Trolling? A bit but not entirely. I asked earlier whether anyone remembered whether Chris McDaniel had committed or declined to commit to voting for Thad Cochran if Cochran won the primary. I think he also declined to commit to Cochran before the first primary or the primary proper, as opposed to the run-off. But he did it again just before the run off. Now, why does this matter? Well, it actually matters quite a lot if you accept the theory on which McDaniel and company are now saying the votes of potentially thousand of African-American voters should be disqualified, he should be declared nominee and also be awarded a valiant unicorn steed on which to gallop to victory.
Here’s how this works. McDaniel says that one reason he really won is that 35,000 Democrats voted in the Republican primary. According to his logic, those Democrats were violating the law that says you can’t vote in a primary unless you plan to support the nominee. Because they’re Democrats by definition they can’t be intending to vote for the Republican nominee. Therefore, their votes are fraudulent and McDaniel really won.
So far so good. And there is a certain 30,000 foot view logic to this argument. The problem is that there are no Democrats or Republicans in Mississippi because there’s no party registration. In the eyes of the state of Mississippi, McDaniel is as much a Democrat as the head of the Democratic party is a Republican. You can only infer partisan identity from past voting. And that can only allow you to make a further inference about future voting. So, yes, let’s take the African-American voters McDaniel is talking about. If most have voted for Democrats their entire lives, it’s pretty likely they plan to vote for Democrats in the future and in November. But good luck proving intent with any particular person. So the whole thing totally falls apart almost immediately.

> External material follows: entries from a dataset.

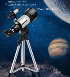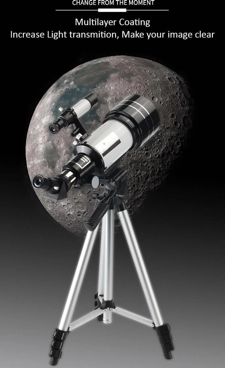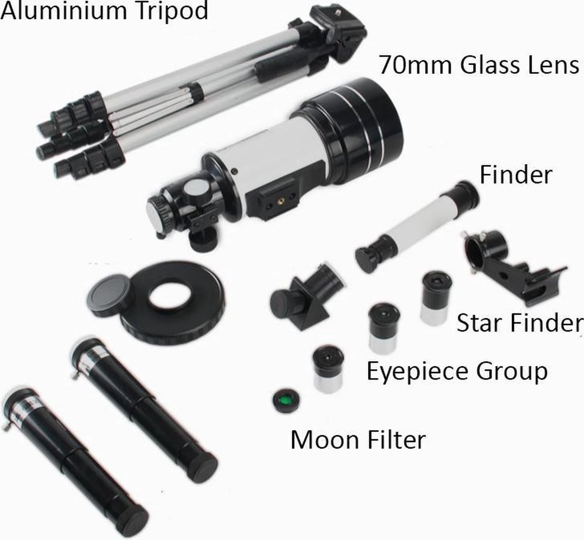 - Le télescope a 3 lentilles en verre enduit de (6 mm et 20 mm 25 mm) , un trépied en aluminium réglable en hauteur et un télescope de recherche montable (5 x 24) pour localiser facilement les objets.
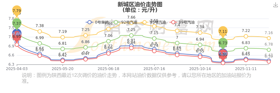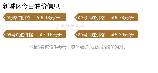 新城区汽油、柴油12月4日价格多少钱一升?具体为:0号柴油为6.43元,减了0.05元;95号汽油为7.16元;92号汽油为6.78元;89号汽油为6.39元,调整时间为11月25日。
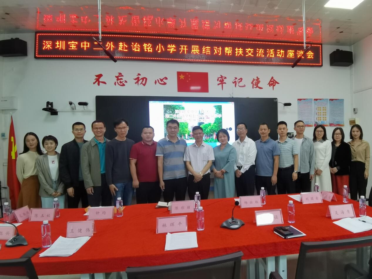为贯彻落实《广东省全口径全方位融入式帮扶粤东粤西粤北地区基础教育高质量发展实施办法》,推进宝安区与龙湖区基础教育结对帮扶各项工作,10月18日,深圳宝安中学第二外国语学校副校长陈彩丽带队,赴汕头市龙湖区诒铭小学开展结对帮扶交流活动。龙湖区教育局副局长林辉平,金珠小学教育集团总校长、结对学校双方部分行政领导及教师代表参加了活动。
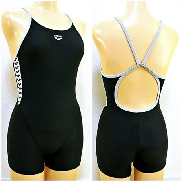 - PE3-Y84☆//arenaアリーナ競泳水着*グレーパイピング*サイドロゴたっぷり*ショートスパッツ※一番安価な送料はゆうパケットなら250円

But remember, the statute in question (which has already been ruled enforceable because of the intent issue I just mentioned) doesn’t say anything about cross party lines.
Here’s the statute’s language …
No person shall be eligible to participate in any primary election unless he intends to support the nominations made in the primary in which he participates.
You don’t just have to intend to vote for the person you’re voting for. You have to intend to vote for whoever wins the primary.
But look at this. Just before the runoff when asked whether he would vote for Cochran if Cochran won, McDaniel said “I’ll have to think about it, depending on what happens that evening. I’ll let you know that evening.”
In other words, by McDaniel’s own public statement, he was at best uncertain whether he planned to vote for the winner of the primary he was participating in.
Now, do I think McDaniel is likely to be prosecuted for this or should be? No. But you put the statute up against his own statement and on its face it sounds like he was himself ineligible to vote on Tuesday. That may be true of thousands of other de facto Democrats and tens of thousands of (McDaniel supporting) de facto Republicans. But none of them were quoted on the eve of the primary essentially disqualifying themselves from participating. But McDaniel was. And for what it’s worth, the laws un-enforcability was, I think, judged on the basis of impossibility of proving intent based on inferences and past voting records. Have they ever had someone who, at a minimum, suggested they hadn’t decided whether they would vote for the nominee.
Yes, the whole thing is sort of a reductio ad adsurdum down the rabbit hole of Chris McDaniels’ world of derp. But this is his theory. And the theory seems to fit him way better than it fits the voters whose votes he wants to invalidate.